第5話「ダンジョン・ブレイク」

「いらっしゃいま……せー」


 いぶかしむ宿の主人。語尾が怪しいのは、今は言ってきたこの小汚い男が果たして、宿代を払えるのか。

 そもそも客なのかと言ったところだが、カウンターに差し出された金貨袋にはそこそこの重さを持っていることを瞬時に看破。
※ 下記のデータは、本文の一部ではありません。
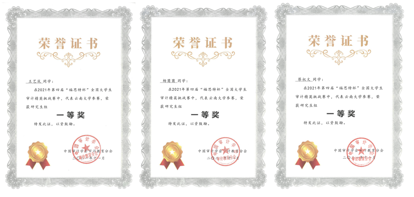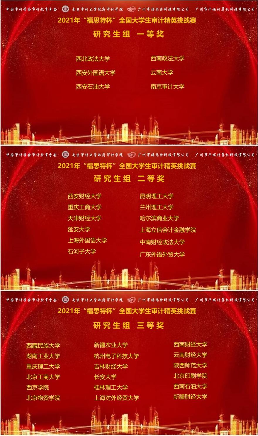 2021 年 11 月 14 日,第四届“福思特杯”全国大学生审计精英挑战赛隆重开幕,本次比赛由中国审计学会审计教育分会主办,南京审计大学政府审计学院承办,广州市福思特科技有限公司提供技术支持。本次大赛分设研究生组、本科生组和高职组。来自南京审计大学、中南财经政法大学、西南财经大学、东北财经大学、天津财经大学、西南政法大学、上海立信会计金融学院、allwincity万象城官方网站等283所高校的330支队伍,共计1600余名师生参加了本次比赛。经过紧张激烈角逐,万象城官网2020级审计专硕代表队取得“一等奖”的佳绩。

しかして客かどうもやや不明──。


「あ、あのー、どういったご用件ですか? お泊りでしょうか??」


 こくり。


 あれから街に戻ったマイトは思案顔……。

 というか、あれ以来ずっと思案顔のまま、「う~ん」と唸りつづけてはいたものの、半ば無意識のうちにそこそこ・・・・のグレードの宿を無言で取ることにした。


「え~……、ウチは結構高いですよ? その──」


 言葉少なげにブツブツと零しつつ、

 ボロボロな格好で、異臭を放つマイトに顔をしかめている宿の主人を前にしつつ、も、そんなことより、すでに色々なことで頭がごちゃごちゃ状態のマイト君にとって、宿の主人の顔色など無問題もーまんたいであった。


 ──チャリン♪


 だから、こうして無言で金貨を差し出せば、宿屋の主人もニッコニコ!

 マイトさんも好きなだけ独り言がいえて皆がハッピー!


  さすがはお金!!

  お金は全てを解決する──。


 そして、金貨!

 こうして惜しげもなく金貨を支払ったのは、もちろん実入りがよかったからだ。

 あの時回収した金貨袋にはなんと・・・5枚もの新品金貨がキーラキラ。


 なので、二枚も払えば、数日借りても余裕が出来ちゃうほど。


 とりあえず一週間分、金貨1枚と銀貨4枚で宿をとるマイトは無言で案内された部屋へ行く。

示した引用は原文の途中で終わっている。